The CompanyIdentifier+DepartmentIdentifier+[uniquifier] is the perfect candidate (not knowing anything about your db other than that which you have posted) for a CI, in the context that you perform mass delete/insert periodically. Detailed above.
- Contrary to what others have stated, this is a good thing, and does not fragment the CI. Lets' say ou have 20 Companies, and you delete 1, which constitutes 5% of the data. That entire PageChain which was reasonably contiguous, is now relegated to the FreePageChain, contiguous and intact. To be precise, you have a single point of fragmentation, but not fragmentation in the sense of the normal use of the word. And guess what, if you turn around and perform a mass insert, where do you think that data will go ? That's right the exact same physical location as the Deleted rows.
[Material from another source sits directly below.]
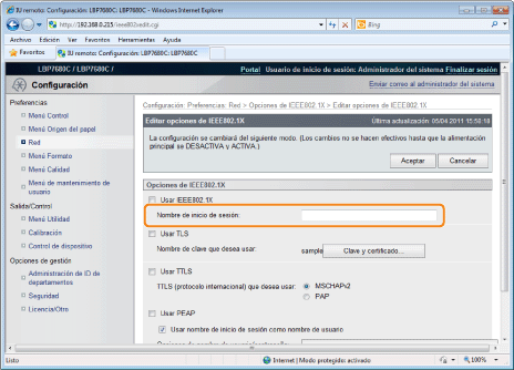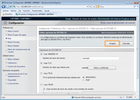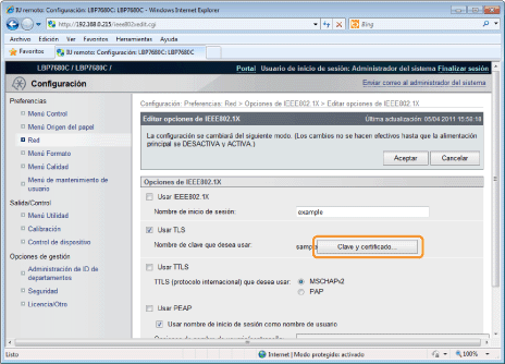 Establezca la información de autenticación para utilizar TLS con el método de autenticación IEEE802.1X.

And the FreePageChain moves to the PageChain, extent and page at a time.
  .
but what is alarming is that you did not know about the demand for CI to be Unique. Sad that the MicroSofties write rubbish, but not why/what each simplistic rule is based on; not the core information. The exact symptom of non-unique CIs is, the table will be very fast immediately after DROP/CREATE CI, and then slow down over time. An good Unique CI will hold its speed, and it would take a year to slow down (2 years on my large, active banking dbs).
4 hours is a very long time for 1 Billion rows (I can recreate a CI on 16 billion rows with a 6-column key in 3 minutes on an enterprise platform). But in any case, that means you have to schedule it as regular weekly or demand maintenance.
why aren't you using the WITH SORTED_DATA option ? Wasn't your data sorted, before the drop ? This option rewrites the CI Non-leaf pages but not the leaf pages (containing the rows). It can only do that if it is confident that the data was sorted. Not using this option rewrites every page, in physical order.